**TASK DESCRIPTION:**
Transcribe all the lines below exactly. Omit the pictures.

**EXERCISE DATA:**
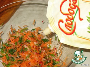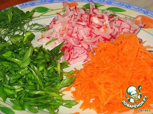 Подготовить овощи к салату. Для этого морковь и редис протереть через терку. Зеленый лук порезать наискосок.
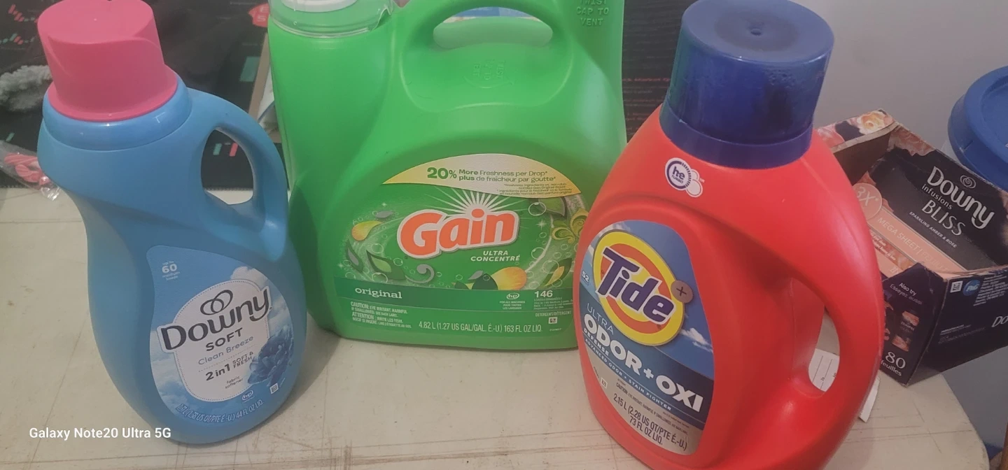 Selling three bottles of laundry detergent. There is Downy Soft Clean Breeze 2 in 1, Gain Ultra Concentre Original, and Tide Ultra Odor+Oxi.
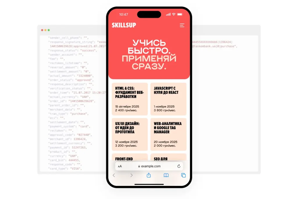 Как только пользователь выбрал нужный для себя онлайн-курс или другой образовательный продукт, он автоматически попадает на платежную страницу hutko для оплатыПроцесс зависит от способа интеграции. Именно она заботится о комфорте покупателей и высокой конверсии. А еще ее можно кастомизировать под стилистику вашего бренда и сделать неотъемлемым элементом воронки продаж.

**RESPONSE:**
 Подготовить овощи к салату. Для этого морковь и редис протереть через терку. Зеленый лук порезать наискосок.
 Selling three bottles of laundry detergent. There is Downy Soft Clean Breeze 2 in 1, Gain Ultra Concentre Original, and Tide Ultra Odor+Oxi.
 Как только пользователь выбрал нужный для себя онлайн-курс или другой образовательный продукт, он автоматически попадает на платежную страницу hutko для оплатыПроцесс зависит от способа интеграции. Именно она заботится о комфорте покупателей и высокой конверсии. А еще ее можно кастомизировать под стилистику вашего бренда и сделать неотъемлемым элементом воронки продаж.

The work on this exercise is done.